When a ship rolls and pitches, every deck container is thrown sideways, forward, and up by forces that can run to hundreds of kilonewtons. This calculator follows the simplified CSS Code Annex 13 method to work out those forces, credit the friction that resists them, and size the lashing tension that the rods must provide.
How it works
The external forces come from the unit mass and the acceleration factors, then friction is subtracted to find what the lashings must restrain:
W = m·g (weight)
F_y = m·(a_y/g)·g (transverse, usually governing)
F_x = m·(a_x/g)·g (longitudinal)
F_z = m·(a_z/g)·g (vertical)
friction = μ·(W − F_z)
net force = max(0, F_y − friction)
required tension per lashing = net force / (n · cos α)

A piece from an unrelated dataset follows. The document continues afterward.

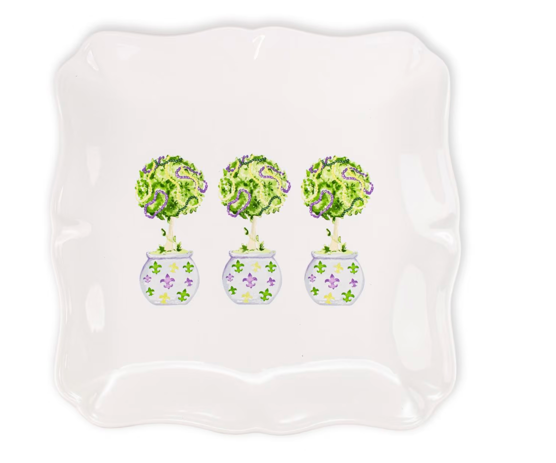 Bring the party to the table with this Mardi Gras Bead Rectangle Platter! Dressed in classic Carnival colors and playful bead details, it's perfect for serving up treats, appetizers, or a slice of king cake in festive style. Whether you're hosting a Mardi Gras celebration or adding a splash of New Orleans charm to your gathering, this platter transforms any spread into a showstopper. Ideal for both casual get-togethers and themed events.

allowable = CS = MSL / 1.5
If the required tension stays below the calculation strength CS, the arrangement is adequate; if not, you need more lashings, a higher-MSL rod, or better friction.
Example and notes
A 20-tonne container at a transverse factor of 0.7 g sees about 137 kN sideways. With a friction coefficient of 0.3 and no upward vertical force, friction holds about 59 kN, leaving roughly 78 kN for the lashings. Spread over two rods at 45° that is about 55 kN each — within a 100 kN MSL rod’s calculation strength of 67 kN, so it passes. Lower the friction (a wet or icy deck) or raise the acceleration toward the ship’s ends and the same stow can quickly fail. Always verify against the vessel’s Cargo Securing Manual before securing real cargo.